Extracted entries ->
○ ○ ○ ○ ○ ○ ○

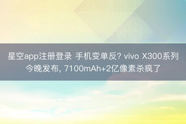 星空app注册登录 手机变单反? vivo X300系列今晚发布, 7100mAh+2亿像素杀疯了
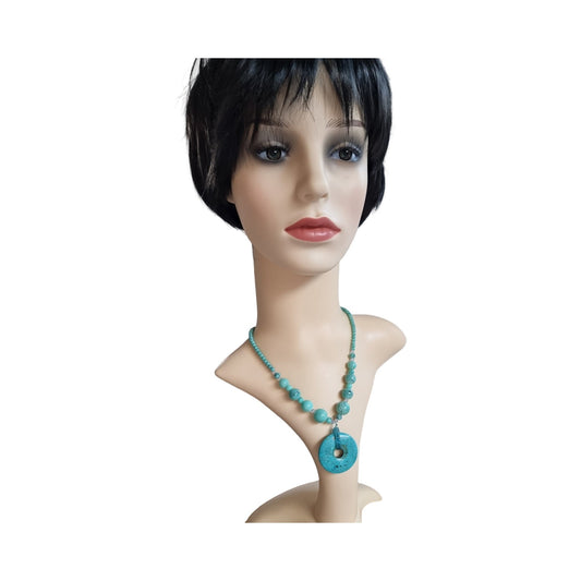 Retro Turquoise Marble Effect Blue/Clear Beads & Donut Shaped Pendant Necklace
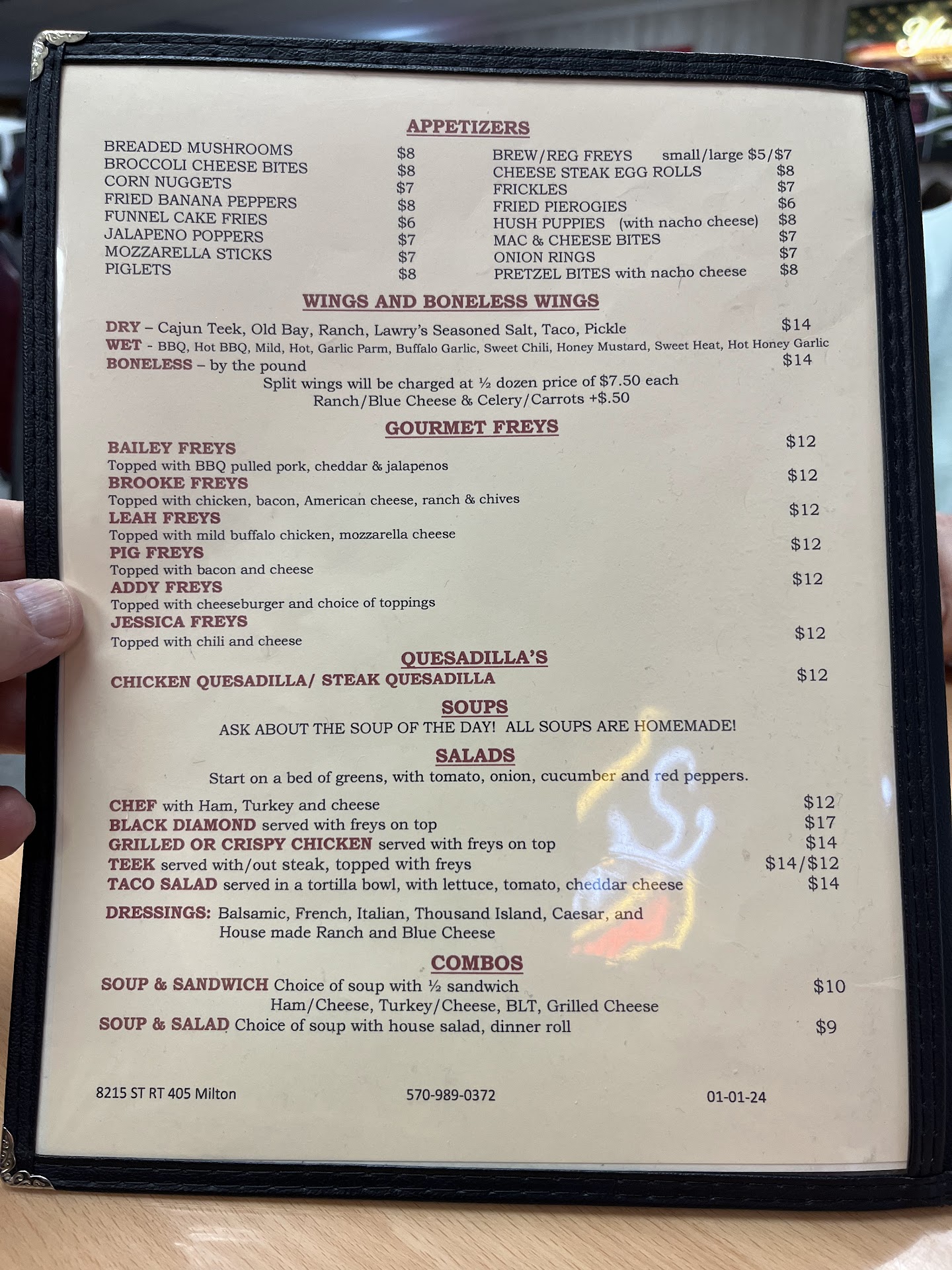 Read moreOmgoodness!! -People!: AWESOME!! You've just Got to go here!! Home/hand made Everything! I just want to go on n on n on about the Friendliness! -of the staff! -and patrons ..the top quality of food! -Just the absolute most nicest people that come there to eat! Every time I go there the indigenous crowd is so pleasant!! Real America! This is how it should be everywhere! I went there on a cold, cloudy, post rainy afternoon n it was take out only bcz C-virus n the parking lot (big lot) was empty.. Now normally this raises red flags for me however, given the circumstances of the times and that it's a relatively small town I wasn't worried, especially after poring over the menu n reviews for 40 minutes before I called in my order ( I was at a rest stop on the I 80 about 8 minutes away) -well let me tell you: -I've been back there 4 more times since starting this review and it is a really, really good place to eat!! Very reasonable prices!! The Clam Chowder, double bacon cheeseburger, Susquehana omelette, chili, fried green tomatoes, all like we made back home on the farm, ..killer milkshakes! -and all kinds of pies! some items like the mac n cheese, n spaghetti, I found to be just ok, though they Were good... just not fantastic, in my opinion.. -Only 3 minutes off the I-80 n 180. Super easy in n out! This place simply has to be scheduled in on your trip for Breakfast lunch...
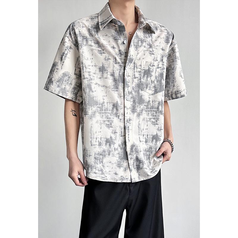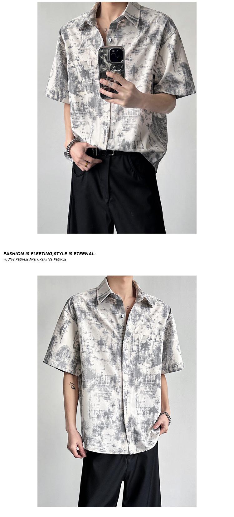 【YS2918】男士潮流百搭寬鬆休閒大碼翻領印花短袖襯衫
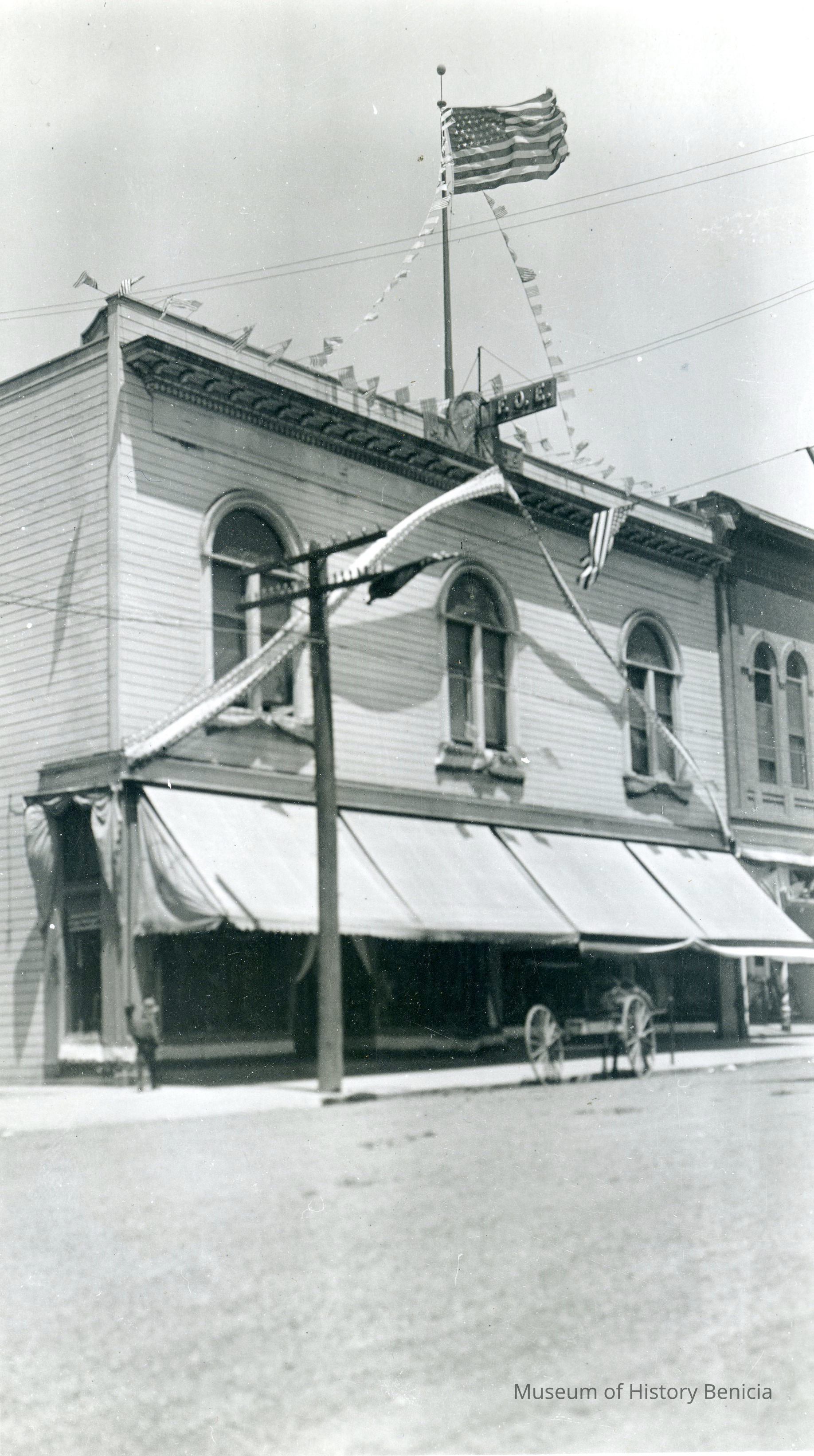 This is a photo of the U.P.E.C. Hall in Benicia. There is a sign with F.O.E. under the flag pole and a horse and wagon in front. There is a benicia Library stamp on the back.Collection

○ ○ ○ ○ ○ ○ ○

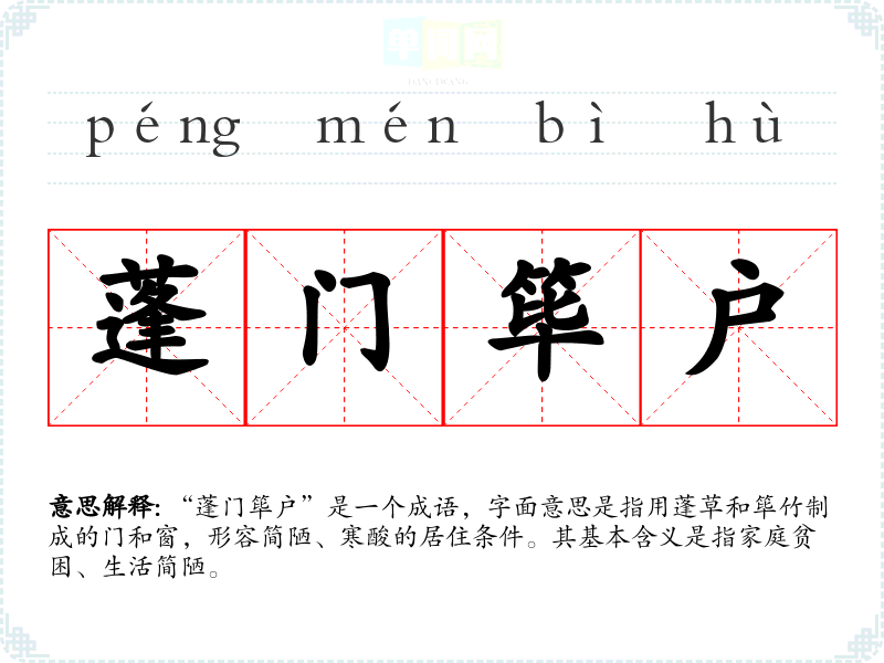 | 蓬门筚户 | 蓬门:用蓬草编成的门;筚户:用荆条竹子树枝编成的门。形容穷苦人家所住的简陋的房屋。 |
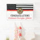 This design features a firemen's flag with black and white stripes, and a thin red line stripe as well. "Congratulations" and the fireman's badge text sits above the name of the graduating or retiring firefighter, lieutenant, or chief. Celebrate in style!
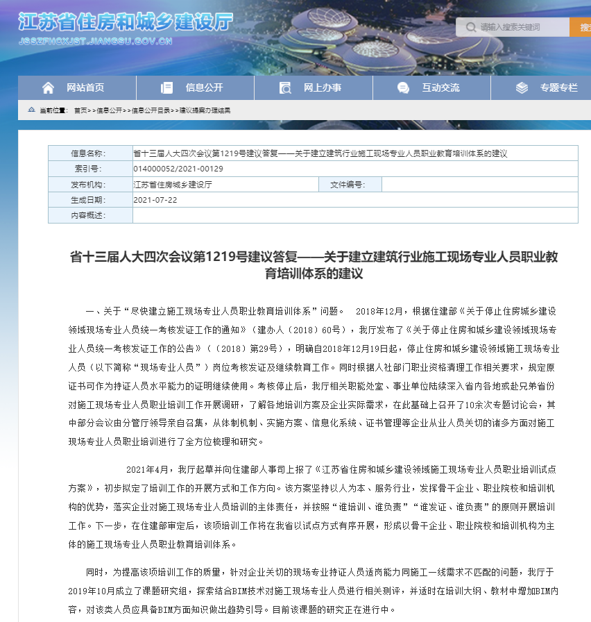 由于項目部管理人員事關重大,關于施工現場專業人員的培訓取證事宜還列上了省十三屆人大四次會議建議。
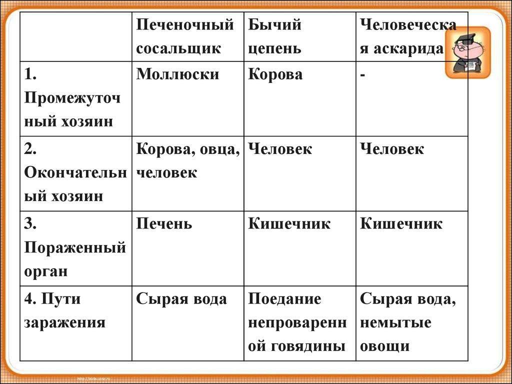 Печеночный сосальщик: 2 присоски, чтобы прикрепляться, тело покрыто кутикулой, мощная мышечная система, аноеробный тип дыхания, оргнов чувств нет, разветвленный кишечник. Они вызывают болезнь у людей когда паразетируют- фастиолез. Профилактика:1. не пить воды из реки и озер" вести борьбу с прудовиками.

○ ○ ○ ○ ○ ○ ○

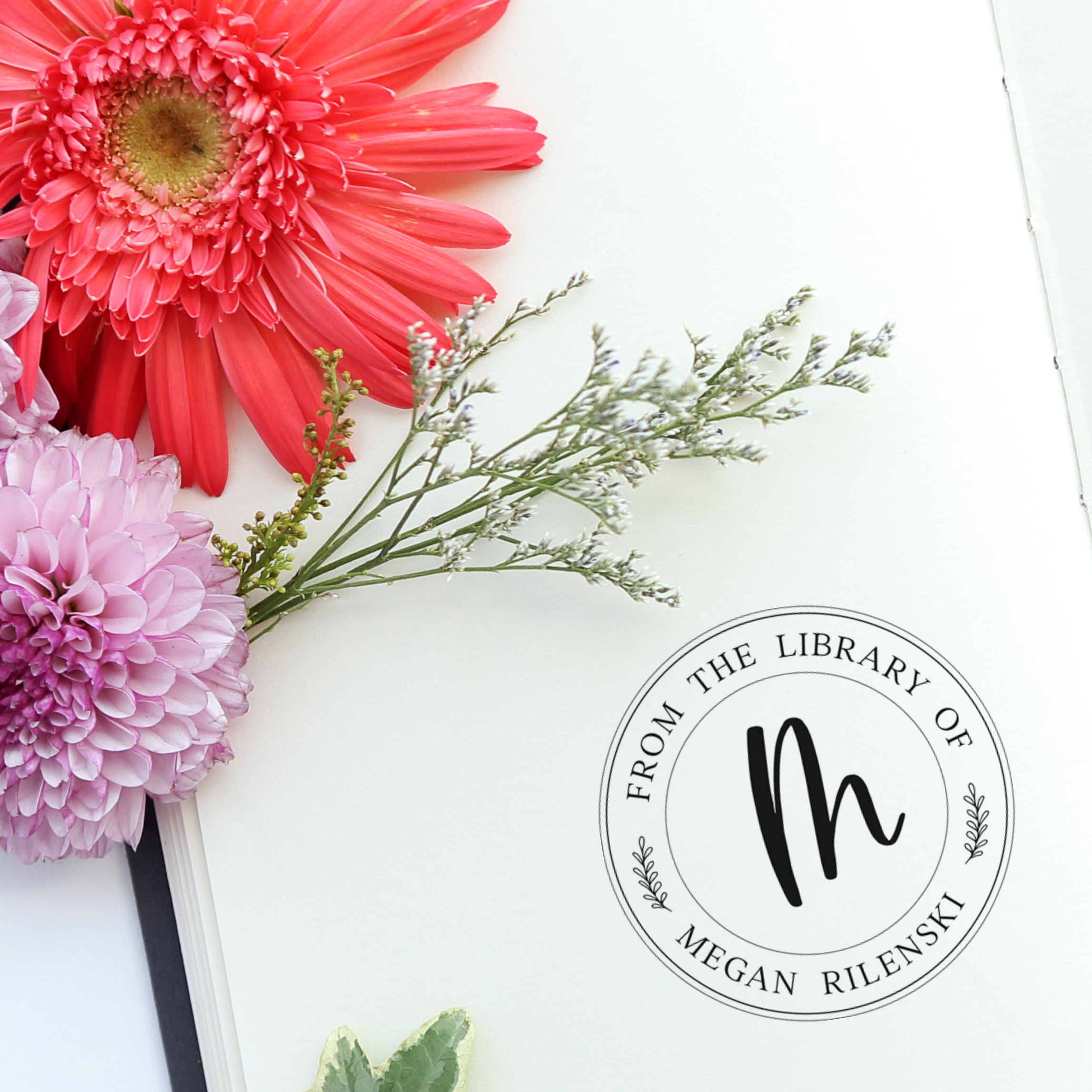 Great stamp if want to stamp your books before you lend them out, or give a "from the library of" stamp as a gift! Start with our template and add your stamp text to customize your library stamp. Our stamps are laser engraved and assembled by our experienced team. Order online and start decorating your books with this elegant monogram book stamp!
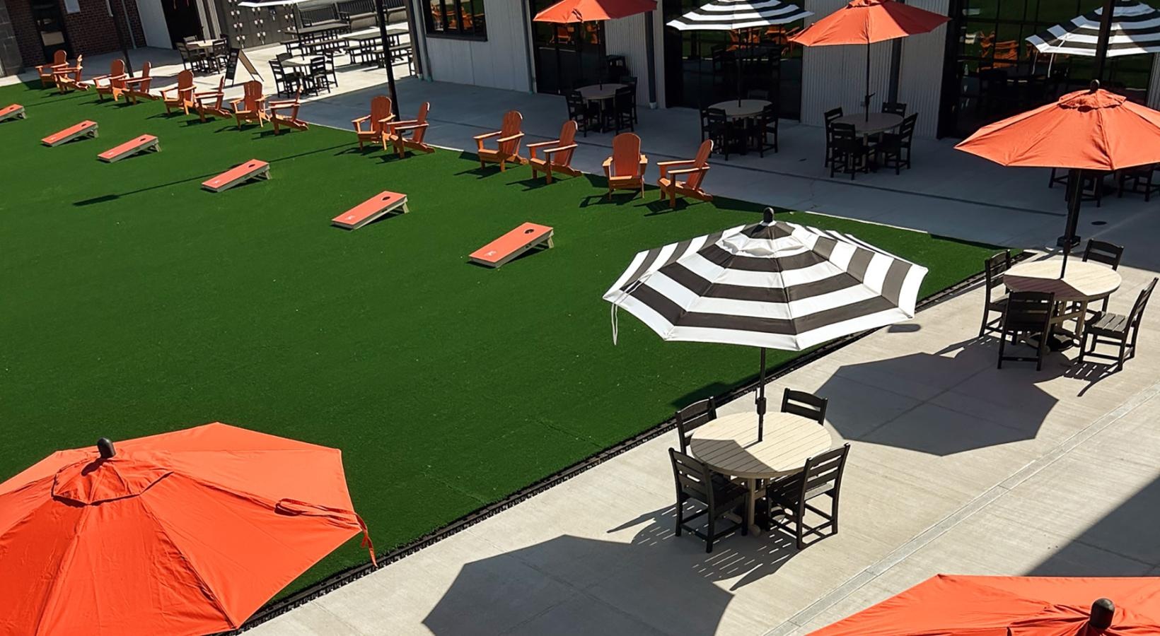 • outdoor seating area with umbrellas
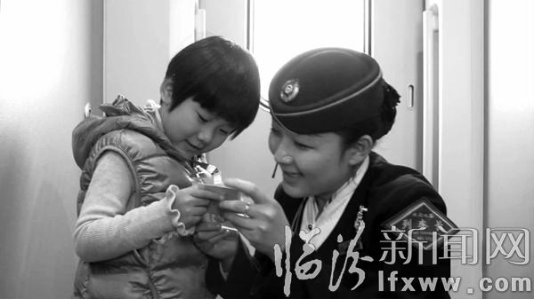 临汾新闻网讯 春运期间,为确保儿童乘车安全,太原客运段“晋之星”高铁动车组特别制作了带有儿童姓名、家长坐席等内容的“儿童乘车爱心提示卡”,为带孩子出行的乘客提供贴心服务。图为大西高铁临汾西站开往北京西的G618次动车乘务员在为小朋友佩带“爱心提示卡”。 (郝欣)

○ ○ ○ ○ ○ ○ ○

What needs to be done ->
Exercise for the records above: copy only the lines from the one with "星空app注册登录 手机变单反? vivo" to the one with "Retro Turquoise Marble", both ends kept, and drop the pictures.

Written answer ->
 星空app注册登录 手机变单反? vivo X300系列今晚发布, 7100mAh+2亿像素杀疯了
 Retro Turquoise Marble Effect Blue/Clear Beads & Donut Shaped Pendant Necklace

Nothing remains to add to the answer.